Problem description: Word for word, set down the lines from the one that contains "This modern studio" through the final line of the data; no pictures belong in the copy.

Raw data:

*-*-*

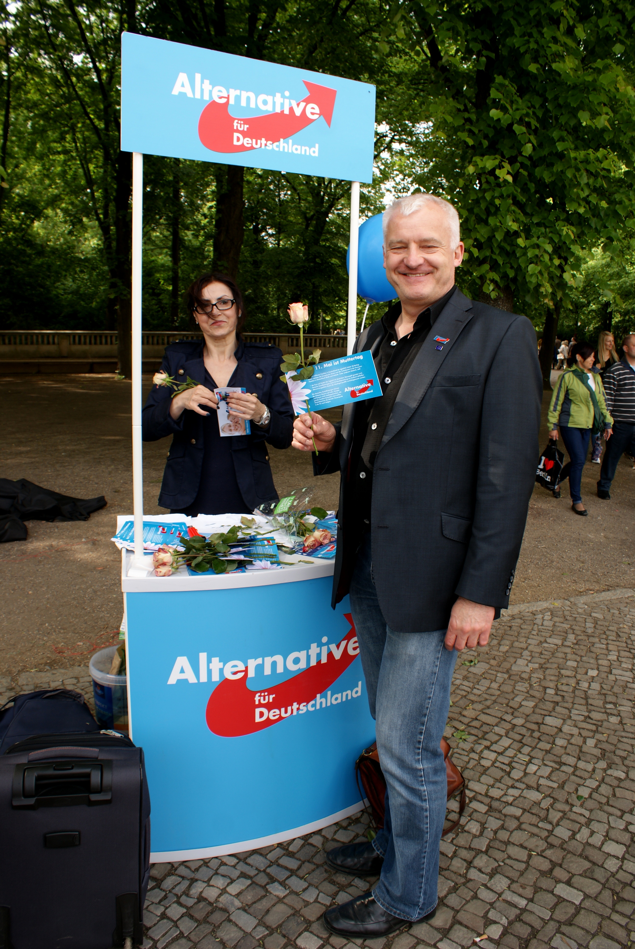 Alternative für Deutchland delar ut blommor på mors dag i Berlin strax före EU-valet 2014. Foto: Anna-Lena Lodenius
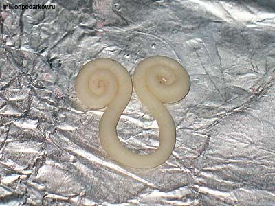 Тонко раскатанную колбаску нужной длинны сворачиваем в спиральку с двух сторон, а затем подтягиваем спиральки друг к другу, образуя под ними петлю.
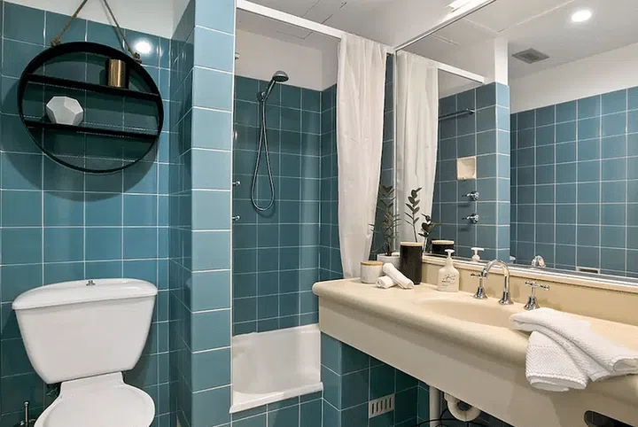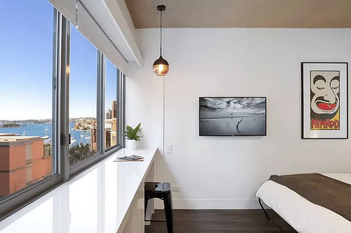 This modern studio apartment in Australia may not wow you at first, but you'll soon appreciate the relaxed and spacious apartment. Plus, check out the pretty tiled bathroom (next picture) and gorgeous view!
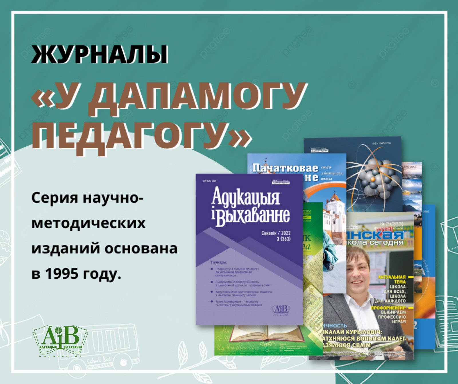 Серия «У дапамогу педагогу» была основана в 1995 году. Сегодня в серии выходят 14 научно-методических журналов: «Адукацыя і выхаванне», «Беларуская мова і літаратура», «Біялогія і хімія», «Геаграфія», «Гісторыя і грамадазнаўства», «Замежныя мовы», «Матэматыка», «Мастацтва і школа», «Минская школа сегодня», «Пачатковае навучанне: сям’я, дзіцячы сад, школа», «Профессиональное образование», «Русский язык и литература», «Спецыяльная адукацыя» и «Фізіка».

*-*-*

Exercise response:
 This modern studio apartment in Australia may not wow you at first, but you'll soon appreciate the relaxed and spacious apartment. Plus, check out the pretty tiled bathroom (next picture) and gorgeous view!
 Серия «У дапамогу педагогу» была основана в 1995 году. Сегодня в серии выходят 14 научно-методических журналов: «Адукацыя і выхаванне», «Беларуская мова і літаратура», «Біялогія і хімія», «Геаграфія», «Гісторыя і грамадазнаўства», «Замежныя мовы», «Матэматыка», «Мастацтва і школа», «Минская школа сегодня», «Пачатковае навучанне: сям’я, дзіцячы сад, школа», «Профессиональное образование», «Русский язык и литература», «Спецыяльная адукацыя» и «Фізіка».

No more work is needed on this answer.